From: Alexander Duyck
> Sent: 03 February 2022 17:57
...
> > > So a big issue I see with this patch is the potential queueing issues
> > > it may introduce on Tx queues. I suspect it will cause a number of
> > > performance regressions and deadlocks as it will change the Tx queueing
> > > behavior for many NICs.
> > >
> > > As I recall many of the Intel drivers are using MAX_SKB_FRAGS as one of
> > > the ingredients for DESC_NEEDED in order to determine if the Tx queue
> > > needs to stop. With this change the value for igb for instance is
> > > jumping from 21 to 49, and the wake threshold is twice that, 98. As
> > > such the minimum Tx descriptor threshold for the driver would need to
> > > be updated beyond 80 otherwise it is likely to deadlock the first time
> > > it has to pause.
> >
> > Are these limits hard coded in Intel drivers and firmware, or do you
> > think this can be changed ?
> 
> This is all code in the drivers. Most drivers have them as the logic
> is used to avoid having to return NETIDEV_TX_BUSY. Basically the
> assumption is there is a 1:1 correlation between descriptors and
> individual frags. So most drivers would need to increase the size of
> their Tx descriptor rings if they were optimized for a lower value.

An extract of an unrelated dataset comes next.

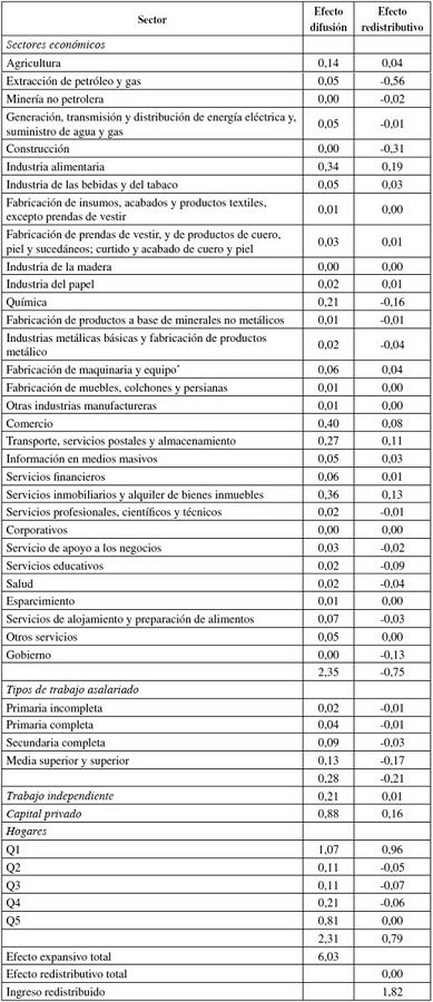 Tercero, la importancia de sectores como el comercial y de servicios en la expansión de la economía. Cuarto, la existencia de mayores efectos expansivos de inyecciones exógenas en los hogares pobres sobre el ingreso de la economía, ante la posibilidad de mayores propensiones medias al ahorro en los hogares más ricos. Quinto, los efectos desiguales en el ingreso de los hogares ante inyecciones exógenas, en específico, mayores incrementos en el ingreso de los hogares más ricos, con respecto a los más pobres, debido a que estos hogares son los dueños de los factores de producción utilizados en las distintas actividades.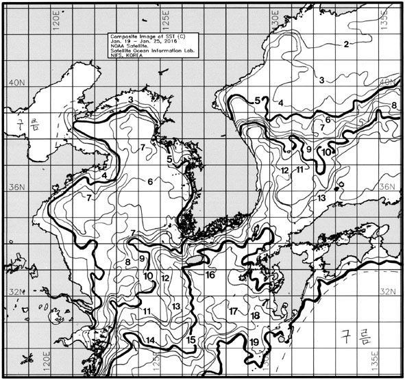 ◦ 금주(2016. 01. 19~2016. 01. 25)의 한국근해 표면수온은 대화퇴 근해 7~8도, 울릉도-독도 근해 10~11도, 대마도 근해 14~15도, 제주도 근해 14~16도, 이어도 근해 10~12도, 가거초 근해 9~11도, 어청도 근해 6~7도, 백령도 근해 6∼7도로 나타납니다. ◦ 「평년에 비해」대화퇴 근해 비슷하게, 울릉도-독도 근해 1도 낮게, 대마도 근해 0.8도 낮게, 제주도 근해 비슷하게, 이어도 근해 비슷하게, 가거초 근해 0.5도 낮게, 어청도 근해 비슷하게 나타납니다. ◦ 「전년에 비해」대화퇴 근해 1도 낮게, 울릉도-독도 근해 2도 낮게, 대마도 근해 1도 낮게, 제주도 근해 0.5도 낮게, 이어도 근해 0.5도 낮게, 가거초 근해 비슷하게, 어청도 근해 비슷하게, 백령도 근해 비슷하게 나타납니다. ◦ 수온 전선대는 우리나라 제주해협에서 대한해협까지 14도를 중심으로 형성됩니다. |

Maybe the drivers can be a little less conservative about the number
of fragments they expect in the next message?
There is little point requiring 49 free descriptors when the workload
never has more than 2 or 3 fragments.

Clearly you don't want to re-enable things unless there are enough
descriptors for an skb that has generated NETDEV_TX_BUSY, but the
current logic of 'trying to never actually return NETDEV_TX_BUSY'
is probably over cautious.

Does Linux allow skb to have a lot of short fragments?

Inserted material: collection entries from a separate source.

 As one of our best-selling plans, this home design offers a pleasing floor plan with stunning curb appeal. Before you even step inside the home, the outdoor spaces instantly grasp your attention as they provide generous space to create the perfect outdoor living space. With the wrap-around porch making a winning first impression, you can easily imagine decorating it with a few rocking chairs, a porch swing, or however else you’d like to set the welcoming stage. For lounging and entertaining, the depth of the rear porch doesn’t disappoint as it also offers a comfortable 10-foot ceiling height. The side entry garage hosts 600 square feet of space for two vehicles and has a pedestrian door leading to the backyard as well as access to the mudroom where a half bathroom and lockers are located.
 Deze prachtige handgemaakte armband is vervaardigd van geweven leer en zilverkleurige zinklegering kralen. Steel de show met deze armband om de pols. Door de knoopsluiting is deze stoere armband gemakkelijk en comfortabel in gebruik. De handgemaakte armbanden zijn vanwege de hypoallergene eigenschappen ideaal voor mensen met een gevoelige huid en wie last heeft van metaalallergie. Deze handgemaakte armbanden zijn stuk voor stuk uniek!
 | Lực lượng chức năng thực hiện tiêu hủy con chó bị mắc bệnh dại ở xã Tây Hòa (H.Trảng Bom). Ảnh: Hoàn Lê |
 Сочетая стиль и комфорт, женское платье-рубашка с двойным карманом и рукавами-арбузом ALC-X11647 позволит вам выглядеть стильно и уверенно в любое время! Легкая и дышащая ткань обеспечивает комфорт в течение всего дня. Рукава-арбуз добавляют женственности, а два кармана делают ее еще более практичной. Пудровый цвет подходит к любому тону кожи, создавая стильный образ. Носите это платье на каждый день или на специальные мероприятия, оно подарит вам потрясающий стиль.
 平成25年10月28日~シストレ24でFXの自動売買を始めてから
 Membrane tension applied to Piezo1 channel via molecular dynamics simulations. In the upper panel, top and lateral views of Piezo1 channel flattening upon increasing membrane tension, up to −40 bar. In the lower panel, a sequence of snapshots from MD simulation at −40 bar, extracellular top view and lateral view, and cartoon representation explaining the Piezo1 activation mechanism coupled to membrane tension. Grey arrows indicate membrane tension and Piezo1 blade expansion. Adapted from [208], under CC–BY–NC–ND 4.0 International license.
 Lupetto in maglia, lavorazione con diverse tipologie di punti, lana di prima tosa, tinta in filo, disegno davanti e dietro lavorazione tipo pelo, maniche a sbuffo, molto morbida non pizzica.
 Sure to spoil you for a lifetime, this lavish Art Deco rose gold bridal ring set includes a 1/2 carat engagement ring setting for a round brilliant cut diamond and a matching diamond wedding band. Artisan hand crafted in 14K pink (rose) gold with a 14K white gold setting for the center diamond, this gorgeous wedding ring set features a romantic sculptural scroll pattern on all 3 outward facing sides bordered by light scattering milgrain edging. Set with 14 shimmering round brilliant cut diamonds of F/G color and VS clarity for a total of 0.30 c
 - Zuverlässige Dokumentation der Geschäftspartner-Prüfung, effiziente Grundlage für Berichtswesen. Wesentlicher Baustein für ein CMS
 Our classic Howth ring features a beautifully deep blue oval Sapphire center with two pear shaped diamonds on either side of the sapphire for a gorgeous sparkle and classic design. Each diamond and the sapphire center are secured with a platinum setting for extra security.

If dma_map isn't cheap (probably anything with an iommu or non-coherent
memory) them copying/merging short fragments into a pre-mapped
buffer can easily be faster.
Many years ago we found it was worth copying anything under 1k on
a sparc mbus+sbus system.
I don't think Linux can generate what I've seen elsewhere - the mac
driver being asked to transmit something with 1000+ one byte fragmemts!